The intuition is: a lower \(\tau\) indicates text features are cluttered and semantically redundant, offering no help for discrimination; a higher \(\tau\) indicates more diverse and discriminative semantics. \(\tau\) is computed once per dataset before training. If \(\tau > 0.33\) (an empirically discovered rule from 18 datasets, not a per-test-set hyperparameter), text is used in mutual distillation. Table 2 shows that for datasets with \(\tau < 0.33\), text usage almost always leads to performance drops, while for \(\tau > 0.33\), it yields gains.

3. Three-modal Mutual Distillation: Aligning Vision, Spatial, and Text for Clustering

Each feature path connects to an MLP clustering head (512-512-K) to produce soft clustering distributions. They are aligned via pairwise distillation. The total loss consists of three components:

\[L = \sum_{k=1}^{3} L^k_{\text{distill}} + \lambda_1 \sum_{k=1}^{3} L^k_{\text{consist}} - \lambda_2 \sum_{m\in M} L^m_{\text{entropy}}\]

where \(M=\{\text{visual, textual, spatial}\}\).

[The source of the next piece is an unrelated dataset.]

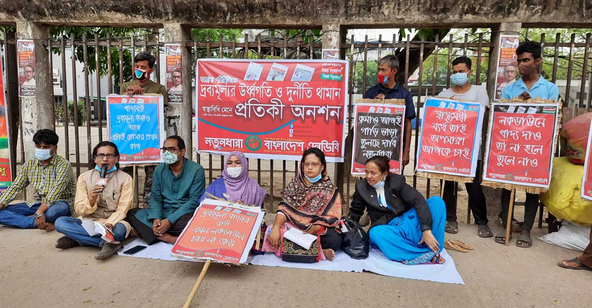দ্রব্যমূল্যের ঊর্ধ্বগতি ও দুর্নীতি থামানোর দাবি জানিয়েছে নতুনধারা বাংলাদেশ (এনডিবি) নামে একটি সংগঠন। বৃহস্পতিবার (৮ এপ্রিল) জাতীয় প্রেসক্লাবের সামনে সংগঠনটি আয়োজিত এক প্রতীকী অনশন থেকে এ দাবি জানানো হয়।

The mutual distillation loss \(L_{\text{distill}}\) uses a contrastive form (temperature \(T\)) to pull together cluster assignments for the same sample across modalities while pushing apart those of different samples. The consistency loss \(L_{\text{consist}}=-\frac{1}{N}\sum_i \log(c^{\text{visual}\top}_i c^{\text{spatial}}_i)\) further aligns assignments between modalities for the same anchor. The entropy loss \(L_{\text{entropy}}\) encourages confident assignments and prevents collapse. Spatial and textual modalities serve as auxiliary information to strengthen the discriminative power of the visual modality.

Loss & Training¶

CLIP ViT-B/32 is used for visual and textual features. Three MLP heads (512-512-K) are used. Training lasts 200 epochs with a batch size of 512, with early stopping after 10 epochs of no loss decrease. Hyperparameters follow TAC: \(T=0.5, \lambda_1=1.0, \lambda_2=5.0\), and textual threshold 0.33. Results are reported as the mean of 10 seeds.

Key Experimental Results¶

Main Results¶

Evaluation on 18 benchmarks, with primary comparisons on ImageNet-10 / ImageNet-Dogs / STL-10 / CIFAR-10 / CIFAR-100 across ACC / NMI / ARI (%) metrics. Baselines include K-Means, DEC, CC, SPICE, DPAC, DINOv2/v3+K-Means, Turtle, and TAC.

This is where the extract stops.